UPF 2016

Why is EU struggling with migrants and asylum?

By Laurence Peter, BBC News

Some 2,500 migrants have drowned in the Mediterranean this year as overcrowded boats head for the coasts of Greece and Italy.

The flow of desperate migrants from Syria and North Africa hoping to reach Europe is already much higher than in the same period in 2014.

Germany, which receives by far the most asylum applications in the EU, is expecting 800,000 refugees to arrive this year.

How big is the migration challenge affecting Europe now?

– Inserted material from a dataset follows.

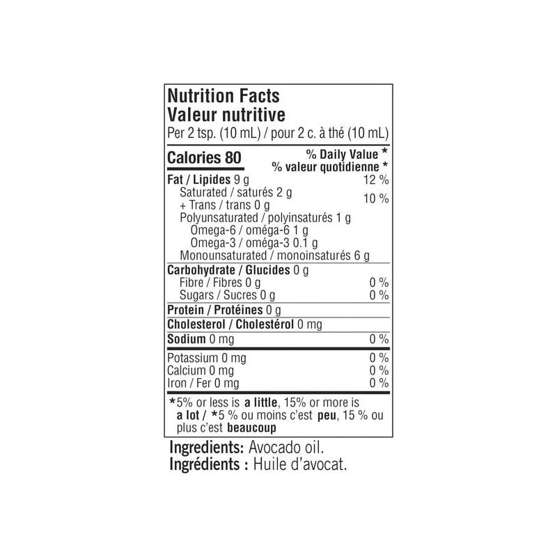 100% pure avocado oil; Light flavour; Smoke point at 240°C; For frying, grilling, and salads; 2 L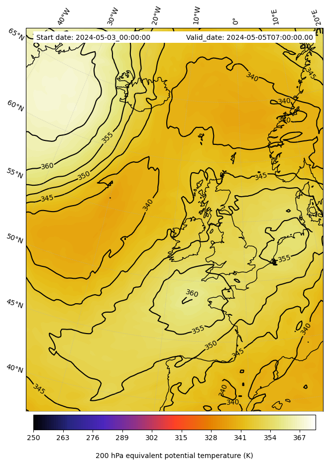 - Equivalent Potential Temperature (K)

The number of migrants reaching Europe by boat has risen dramatically this year, compared with the same period in 2014. The number arriving in Greece, in particular, has soared.

The EU's border agency said that almost 50,000 migrants had arrived on the Greek islands in July alone, most of them Syrians. The number of migrants reaching Greece by sea had reached 158,000 by mid-August, according to the UN, overtaking the 90,000 who arrived in Italy by sea.

The majority heading for Greece via the eastern Mediterranean route take the relatively short voyage from the Turkish mainland to the islands of Kos, Chios, Lesvos and Samos. The voyage from Libya to Italy is longer and more hazardous.

Migrant deaths at sea this year passed 2,000 in August, the International Organization for Migration (IOM) reported. And of those, 1,930 died trying to reach Italy. A shipwreck off Italy's Lampedusa island on 19 April took an estimated 800 lives. So, more migrants - Syrians especially - are trying to reach Greece now, instead of risking the Libya route.

Since the beginning of the year some 340,000 migrants have been detected at Europe's external borders, Frontex says.

That compares with 123,500 in the same period last year.